Retrieval of vegetation parameters from remotely sensed data using a radiative transfer model is generally hampered by the ill-posed inverse problem, which dramatically decreases the precision level of retrieved parameters. The purpose of this study was to use a Bayesian network-based method to allow the alleviation of the ill-posed inverse problem. This was achieved by introducing the correlations between the model free parameters into their prior joint probability distribution (PJPD), allowing the reduction of the probabilities of unrealistic combinations. Three sampling strategies intended to design three types of PJPDs that considered different correlations (represented by a correlation matrix) were presented. They were multivariate uniform distribution composed by independent free parameters, multivariate uniform distribution based on a simple correlation matrix, and multivariate Gaussian distribution based on a complicated correlation matrix, respectively.

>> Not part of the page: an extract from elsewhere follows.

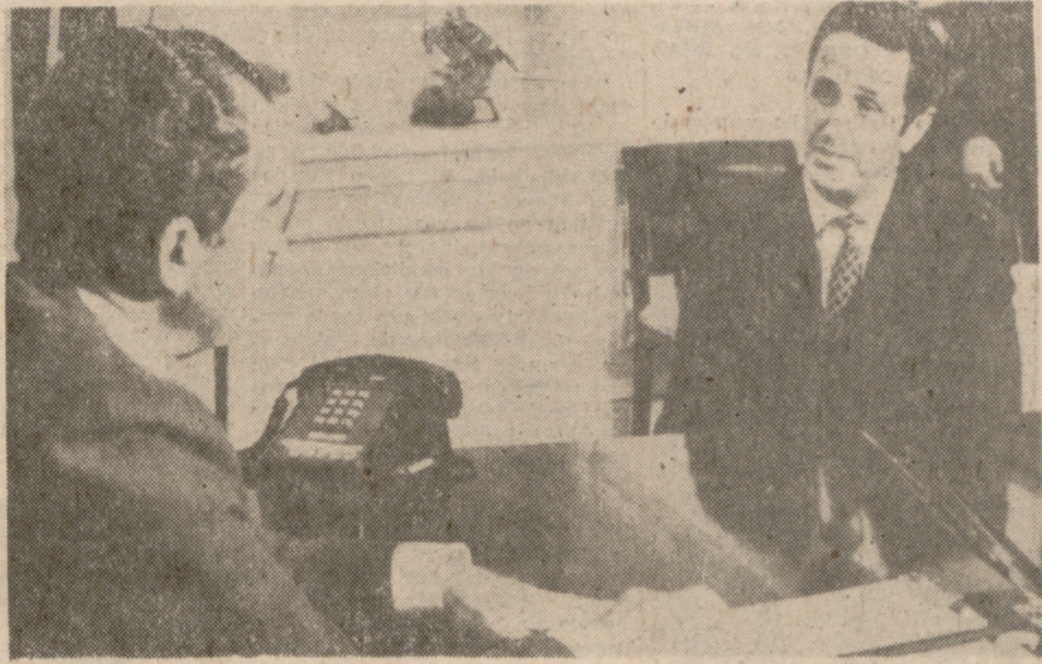
WASHINGTON. — España y Estados Unidos han firmado un acuerdo de amistad y cooperación en la capital federal. En la foto, el Ministro español de Asuntos Exteriores durante la entrevista mantenida, poco después de la firma, con el Presidente Nixon en la Casa Blanca.

Resume los deseos de bienestar social y progreso de ambos pueblos

A case study of the presented method to retrieve leaf area index (LA!) and canopy water content (CWC) using the PROSAIL_5B (PROSPECT-5 + 4SAIL) model from Landsat 8 products was implemented. Results indicate that the presented method greatly improves the precision level of target parameters, with the coefficient of determination R-2 of 0.69, 0.77, and 0.82 and root-mean-square error (RMSE) of 0.55, 0.51, and 0.44 m(2) . m(-2) for LAI and R-2 = 0.68, 0.78, and 0.84 and RMSE = 230, 198, and 166 g . m(-2) for CWC, respectively. Hence, the ill-posed inverse problem can be alleviated by the presented method, which can be widely applied for vegetation parameters retrieval.